Additionally Article 28(4) makes it clear that “Where a processor engages another processor for carrying out specific processing activities on behalf of the controller, the same data protection obligations as set out in the contract or other legal act between the controller and the processor … shall be imposed on that other processor by way of a contract or other legal act under Union or Member State law.

So, as a digital agency under GDPR, Pragmatic inherently occupies the position of a processor of the data our clients control. Therefore, given the above, we need a new service contract signed with every client, each of which must contain a GDPR compliant data protection schedule. We also need written consent from each client to transfer their data to any of our service providers (third parties) and, if we are to avoid liability for that transferred data, we need a contract with each service provider that’s at least as robust as the contracts we have with our clients.

That, in a nutshell, reveals the burdensome nature of GDPR in this context. We have hundreds of clients for whom taking on a new service contract is no trivial matter. Additionally, in this case, when considering those contracts, each client must review a list of service providers and consent to our continued usage of those and, last but by no means least, we are charged with the essentially impossible task of agreeing individual GDPR compliant contracts with each of those providers. Microsoft, for instance, are not going to engage in an individual contract negotiation for our use of their Office365 service.

It should, however, be remembered that all this, at heart, is a valiant attempt by the GDPR to ensure robust ongoing data protection for EU member personal information as it naturally moves into organisations and on to their service providers.. and on again to their service provider’s service providers and so on. In other words it’s no longer ok just to transfer personal data to third parties without first ensuring that the destination of that transfer is governed by data protection measures at least as vigorous as the GDPR.

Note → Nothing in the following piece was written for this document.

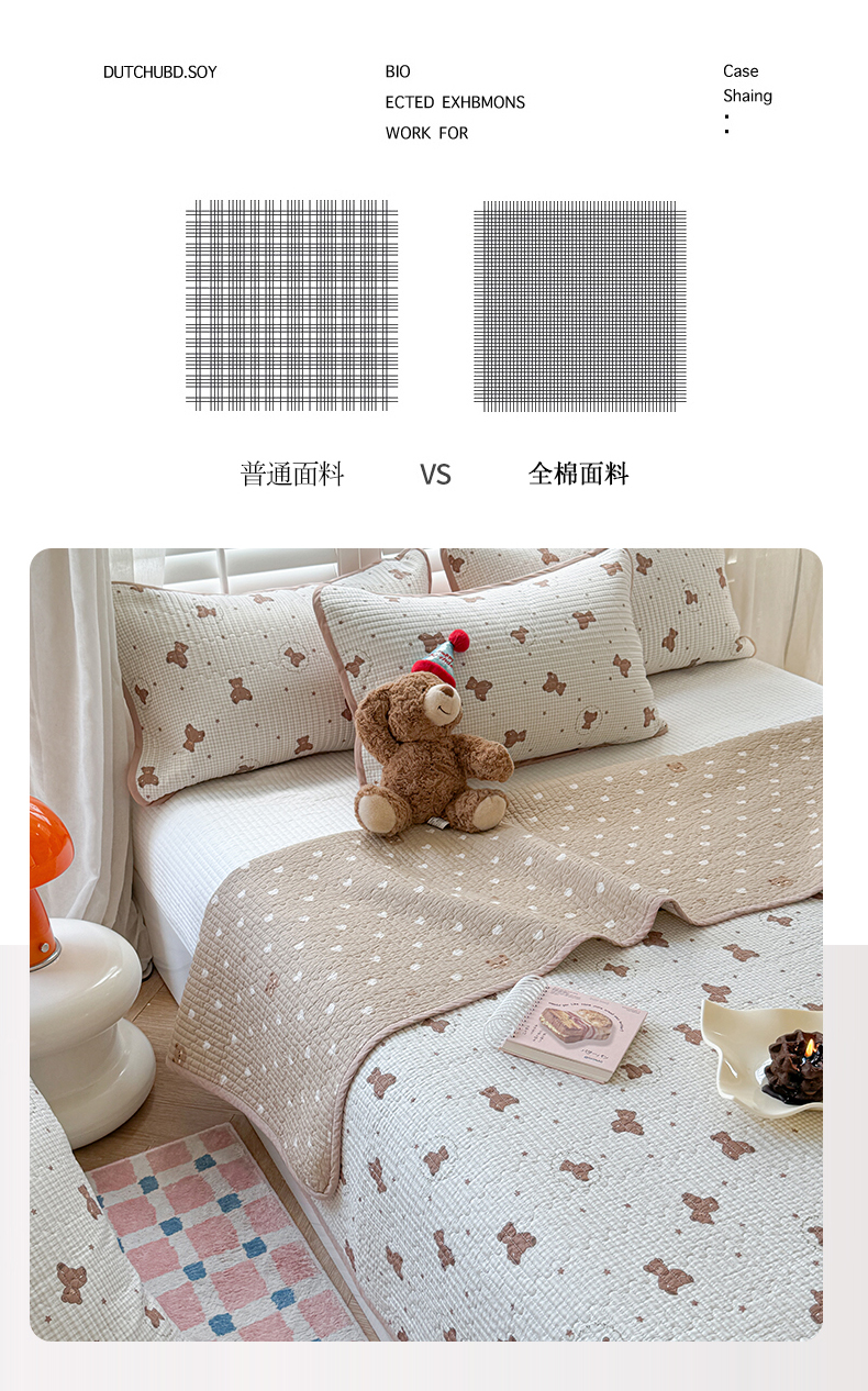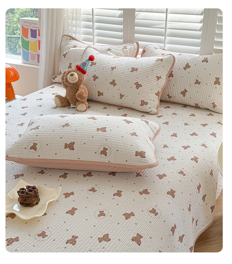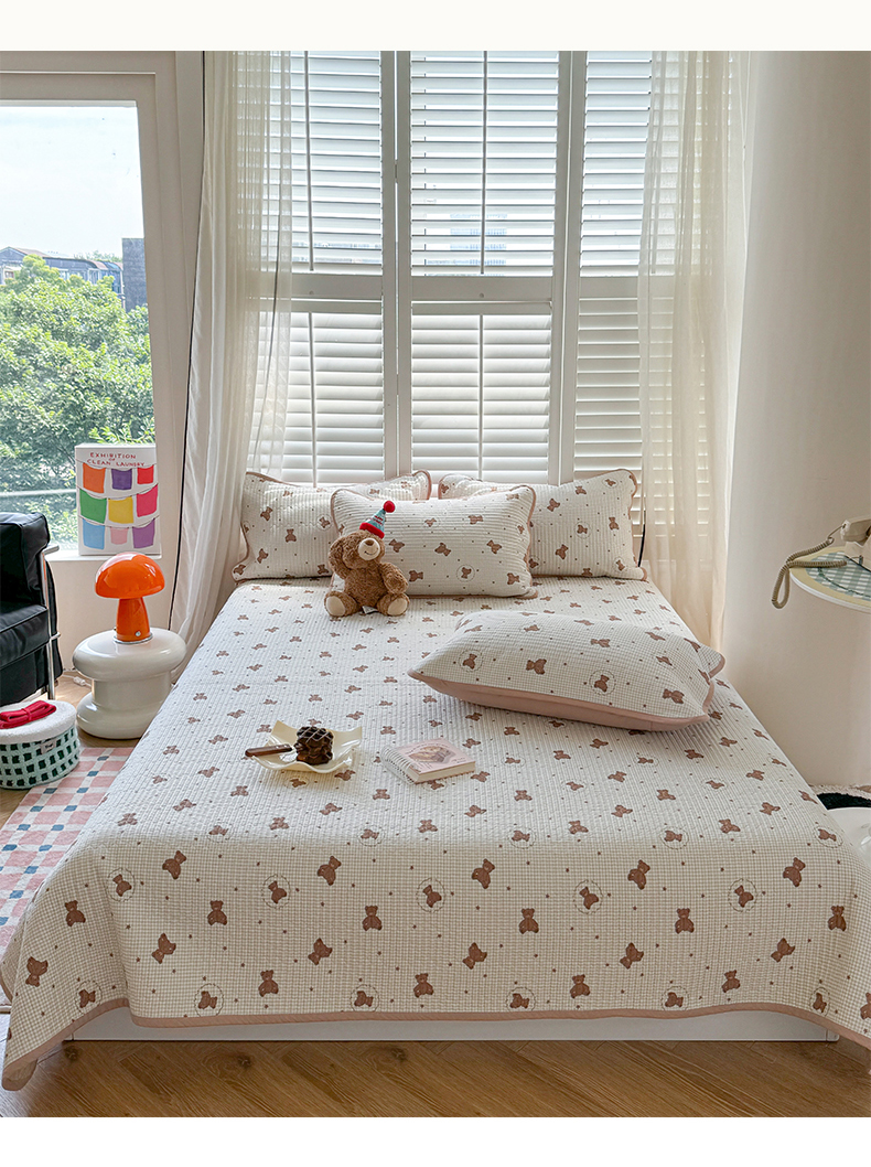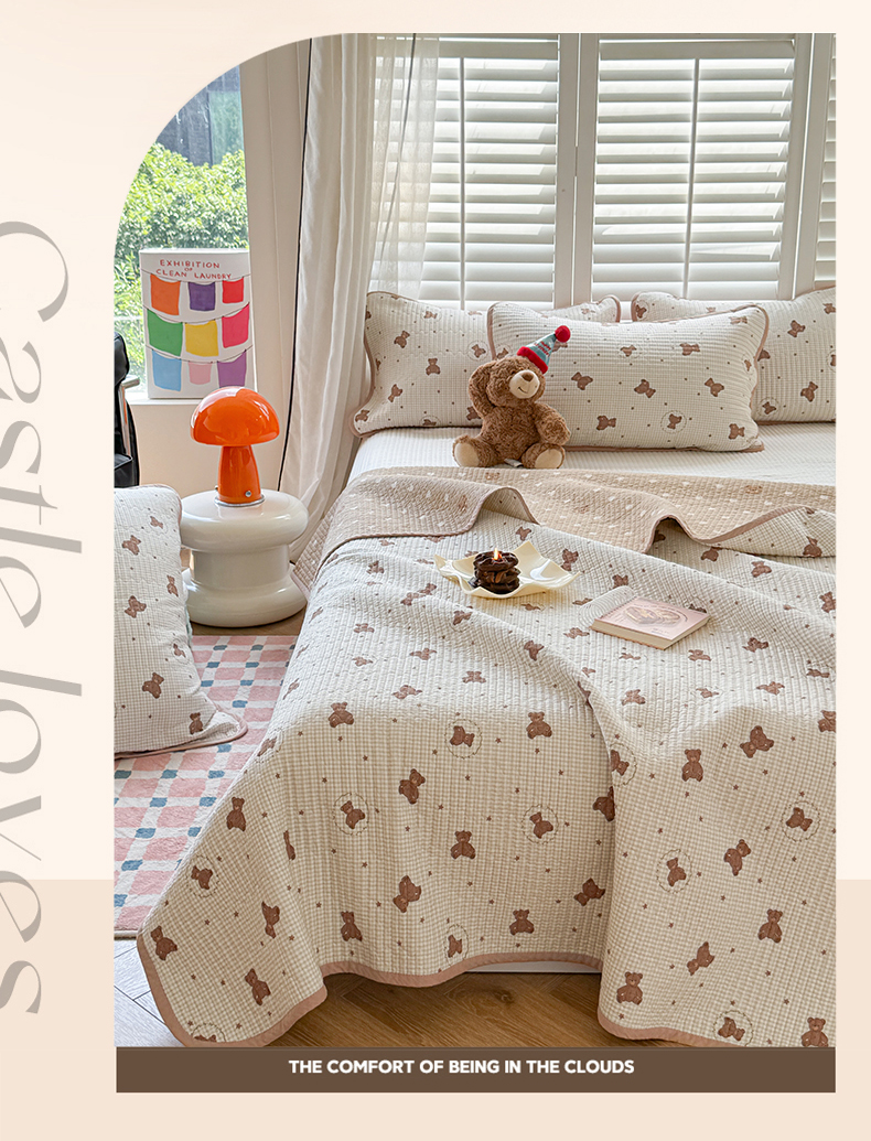 茉夕家纺 2024新款双面全棉夹棉床盖系列 小熊温蒂

None the less, as is obvious, this is not a trivial undertaking for us or our clients.

Third Countries

GDPR chapter 5 deals with “Transfers of personal data to third countries or international organisations” and can be viewed, in the context of this post, alongside the third party GDPR dictates detailed above, giving rise, as it does, to exactly the same issues. In both cases the GDPR is simply attempting to maintain data protection as data moves around and, in both cases, that protection must be rigorous and demonstrable.

Companies like us use a whole host of service providers, most of which, as a matter of policy, do not negotiate individual service contracts and some of which, at best, offered rather leaky GDPR compliance documentation and implementations. Again though, this, like the vast majority of the GDPR, is a honourable attempt to fully respect the personal data of European Union members even as it makes it’s way around the world and is transferred from organisation to organisation.

A Pragmatic Solution

As we researched how best to handle these issues we noticed that many organisations took a very expedient approach, simply saying in their privacy notice that data will be transferred to third parties and/or third countries and that by continuing to use their website and/or services you, the visitor and/or service user, implicitly agree to those transfers. In our opinion that approach does not respect the spirit of the GDPR and, most likely, is out of alignment with the letter of the regulations to boot.

Not satisfied with that approach we decided instead to follow a belt and braces route by conducting what the GDPR calls a data protection impact assessment on all our service providers. We undertook detailed research into the data protection credentials of every service provider we use, applying additional focus on the end-point geographical destinations of the personal data we process for our clients. The table we’ve drawn up is now included in our new GDPR compliant service contracts and elucidates all information anyone needs to decide if personal data entrusted to us will be protected. This covers the need to have written consent to transfer personal data to these providers wherever they are in the world.